Beauvais and Ambrose were sent home from hospital with the wrong families in 1955 and the switch was not discovered until a few years ago when Beauvais took an at-home DNA ancestry test.
Beauvais was raised in St. Laurent in a Métis home where he spoke French and Cree, and attended residential day school. He was taken from his family and placed in foster care.
About 100 kilometres away in the town of Rembrandt, Ambrose was raised in a Ukrainian home. His parents died before he was a teenager and he was placed with a foster family who adopted him.
The two met for the first time recently in Winnipeg. Ambrose described the encounter as an honour.
“The feeling was very emotional, for meeting someone who is you, but I am him — it’s a reverse,” he said.
Ambrose said the premier’s apology was what he’d hoped for.
“It touched me. That was very, very close to my heart,” he said.
Kinew apologized directly to Beauvais and Ambrose and remarked on their deep compassion and empathy.
“Such is the distance that each of them has walked in another’s shoes,” the premier said.
Beauvais and Ambrose were wronged by the Manitoba government and the institutions they were supposed to trust, Kinew said.

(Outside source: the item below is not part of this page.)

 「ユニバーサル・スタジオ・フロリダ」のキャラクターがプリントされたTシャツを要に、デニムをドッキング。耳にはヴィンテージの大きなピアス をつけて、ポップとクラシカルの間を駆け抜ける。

The province of Manitoba made a terrible mistake and the government is accepting responsibility, he said.
“What happened to you cannot be undone, but it must be acknowledged and it must be atoned for,” Kinew told the men and their family members seated in the gallery.

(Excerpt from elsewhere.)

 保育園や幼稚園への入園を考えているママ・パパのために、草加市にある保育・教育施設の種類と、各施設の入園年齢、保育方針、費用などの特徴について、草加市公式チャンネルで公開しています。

“While we cannot take back the series of failures that caused your pain, we can perhaps make things a little easier for you now in offering our sincere regret in response to the questions you have long asked.

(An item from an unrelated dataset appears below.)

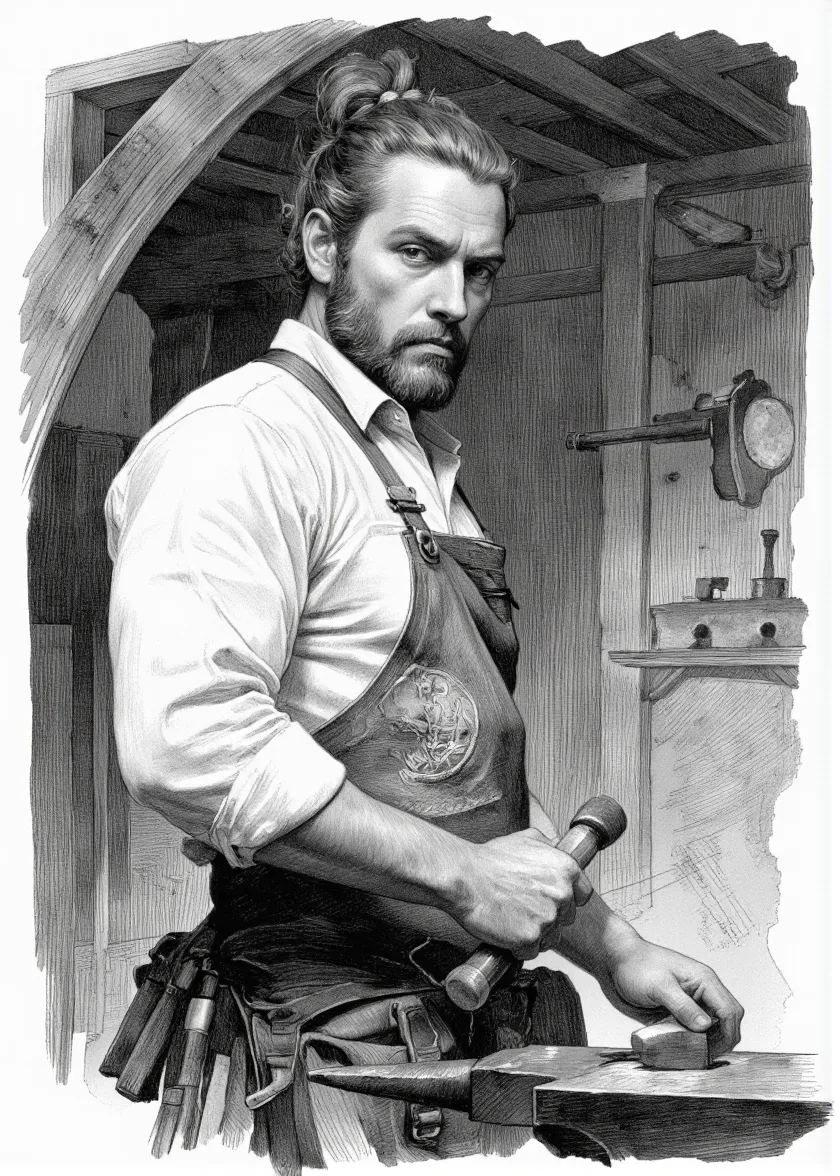 A very detailed, realistic black and white sketch capturing a muscular man with a beard and tied hair, dressed as a blacksmith. He is wearing a loose shirt and a leather apron emblazoned with an intricate emblem, holding a blacksmith's hammer poised to strike an anvil. The man, appearing around forty-five years old, gazes seriously with determination and strength from a profile view. The background features a wooden blacksmith workshop interior, including tools and rustic architectural beams, enhancing the craftsmanship atmosphere.

“On behalf of the Manitoba government, we sincerely apologize for our failure to care for you, to protect you, to ensure that you would grow up with the love of the families who welcomed you into this world.”
The premier also apologized to the Beauvais and Ambrose families for being deprived of their rightful inheritance, culture, identity and family.
“For these things, we are sorry,” Kinew said.
The two families are beginning to know each other, and it has been a positive, emotionally charged experience, said Beauvais’ daughter Taryn.
“No one is losing anything by this, but our family is just expanding and growing, and we’re just looking forward to the future and getting to know each other even more,” she said.
MIKE DEAL / FREE PRESS
Premier Wab Kinew shakes Richard Beauvais’s hand after apologizing to him and Edward Ambrose (left) Thursday afternoon in the Manitoba Legislative Building.
“This has been a really beautiful blending of families, and everyone is so loving and everyone just has the biggest hearts.”
Lawyer Bill Gange, who represents both men, was scheduled to meet with provincial justice officials late Thursday afternoon and intended to discuss possible reparations for the hospital error.
The men should be entitled to a financial settlement, but there is no legal recourse at the provincial level, Gange explained previously. The statute of limitations on cases such as this one has expired.
“Given the very heartfelt speech that the premier gave, I am confident that we’ll be able to work something out,” Gange said.
Kinew said the province will be there for Beauvais and Ambrose to support next steps, when it is appropriate.
“It’s words and actions from here on in, so what those actions look like, we’ll come to a shared understanding with Ed and Richard,” the premier said.
The government is open to looking at possible systemic problems that contributed to children being switched at birth in the past, he added.
“We’d want to figure out where we go from here and ensure that those steps are taken today but, of course, to do right by anyone who’s been harmed in the past,” he said.
There are two other known cases of babies switched at birth in a Manitoba hospital.
Garden Hill residents Luke Monias and Norman Barkman received an undisclosed amount of compensation after DNA tests proved in 2015 they were switched at birth at the federally run Norway House Indian Hospital in 1975.
Leon Swanson and David Tait Jr. were also sent home with the wrong parents that year, DNA revealed in 2016.